L'Explication Prémisse
Cet article dit que, si c’est ce qui est le mieux pour l’enfant, le juge peut décider que l’un seul des parents exercera l’autorité parentale (les décisions importantes). Cela ne prive pas automatiquement l’autre parent de visites et d’hébergement : ces droits ne peuvent être refusés que pour des raisons graves (ex. danger pour l’enfant). Si nécessaire pour préserver les liens avec l’autre parent, le juge peut organiser les rencontres dans un espace de rencontre ou prévoir une remise encadrée (tiers de confiance, personne qualifiée) afin d’assurer la sécurité et la continuité des relations. Le parent qui n’exerce pas l’autorité parentale garde néanmoins le droit et le devoir de suivre l’éducation et la surveillance de l’enfant et doit être informé des choix importants ; il doit respecter les obligations prévues à l’article 371-2.

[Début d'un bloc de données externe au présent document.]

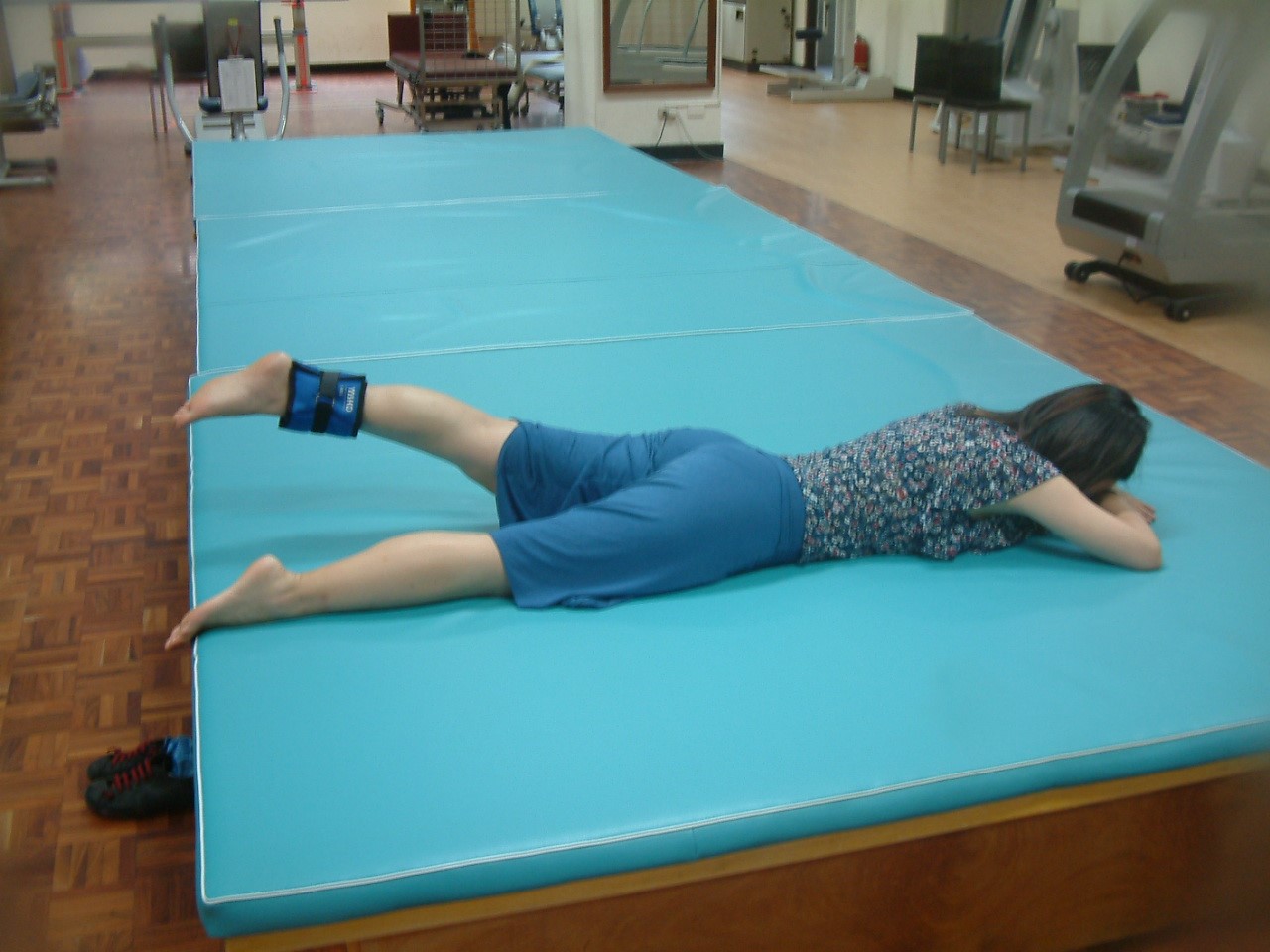 平趴向下,額頭平靠在手背上,單腳向天花板低抬約30~45度。
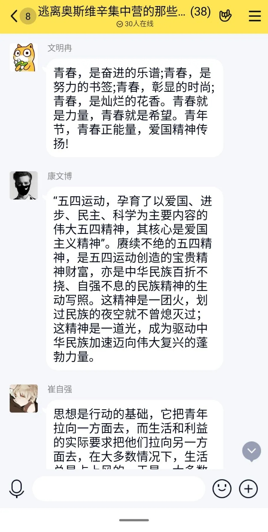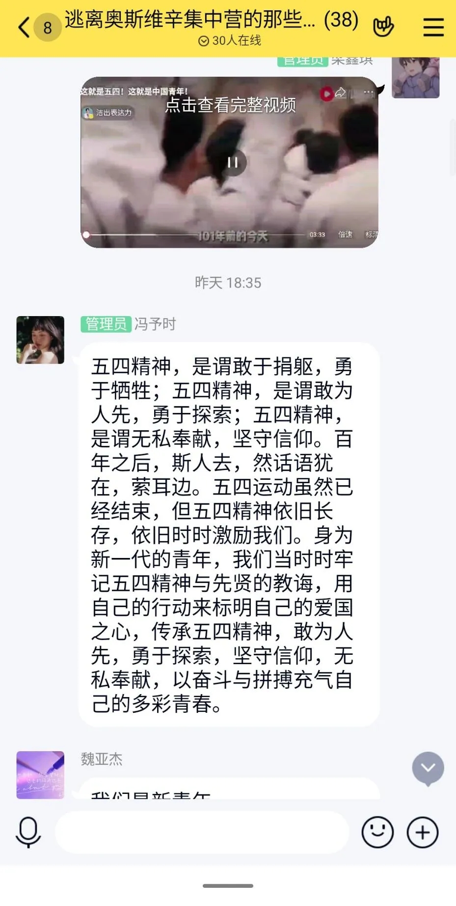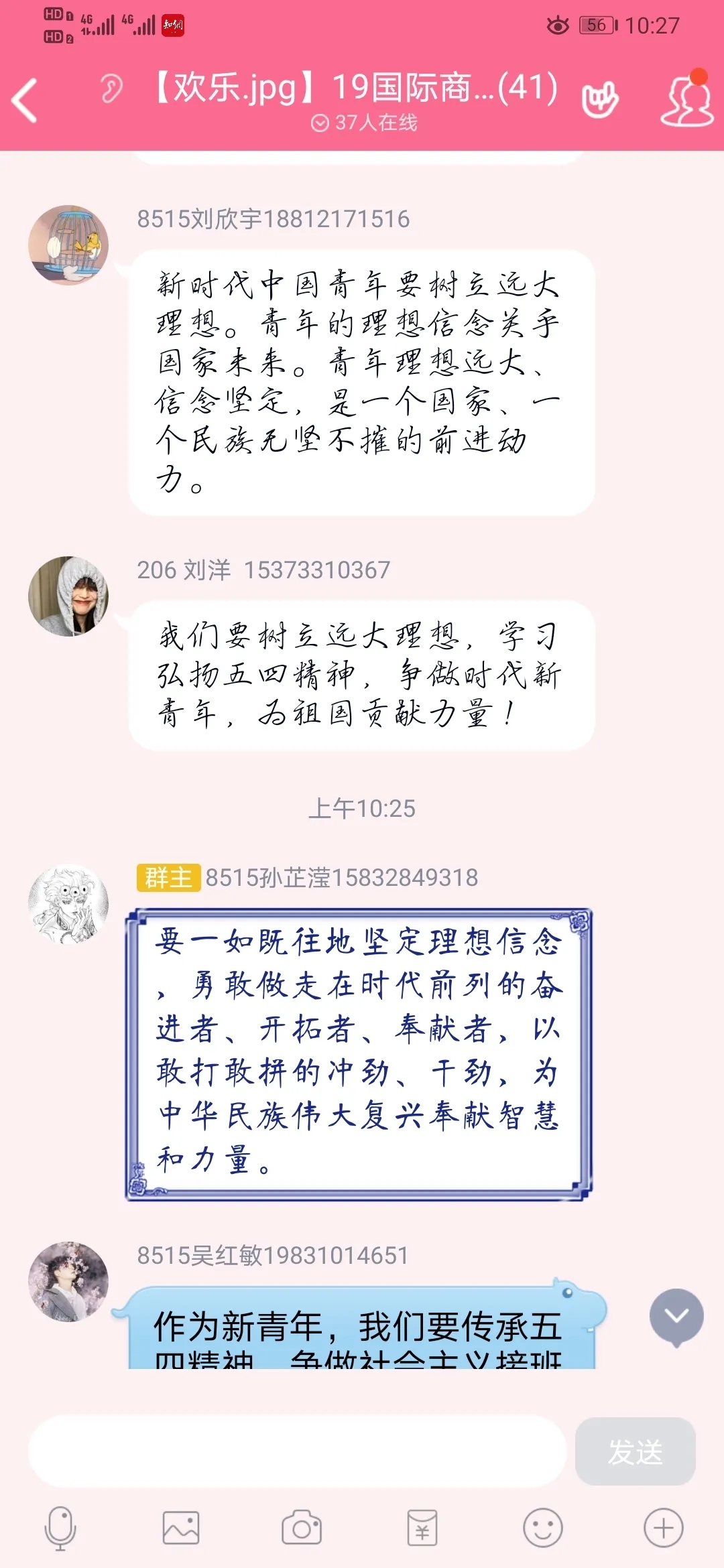 团课上同学们积极与主持人连麦,踊跃发言,针对寄语表达了对国家和社会的责任意识。大家纷纷表示一定牢记嘱托,不断为中国梦而努力奋斗,让时代看到广大青年的新面貌。用奋斗诠释青年模样,用青春书写壮丽新篇章。

Marie et Paul sont séparés. Le juge estime que, pour l’intérêt de leur fille Léa (6 ans), Marie doit exercer l’autorité parentale seule parce que Paul a des problèmes de violences passées. Le juge impose toutefois à Paul un droit de visite: celles-ci auront lieu une fois par semaine dans un espace de rencontre supervisé, car la remise directe de l’enfant à Paul serait risquée. Paul peut suivre la scolarité de Léa et doit être informé des décisions majeures (santé, scolarité), tout en respectant son obligation de contribuer à l’entretien et à l’éducation de sa fille.
- Le critère décisif est l’intérêt de l’enfant : le juge statue en fonction de celui‑ci.
- Le juge peut confier l’exercice de l’autorité parentale à un seul parent (mesure discrétionnaire).
- Le droit de visite et d’hébergement de l’autre parent ne peut être refusé que pour des motifs graves (ex. danger pour l’enfant).
- Le juge peut ordonner que les contacts aient lieu dans un espace de rencontre quand la continuité et l’effectivité du lien l’exigent.
- Si la remise directe présente un danger, le juge précise des modalités garanties (espace de rencontre, tiers de confiance, représentant d’une personne morale qualifiée).
- Le parent qui n’exerce pas l’autorité parentale conserve le droit et le devoir de surveiller l’éducation et l’entretien de l’enfant et doit être informé des choix importants le concernant.
- La mesure vise la protection et la continuité du lien parent‑enfant, et reste modulable selon l’évolution de la situation (mesures temporaires ou révisables).
- Le juge aux affaires familiales est l’autorité compétente pour organiser ces modalités.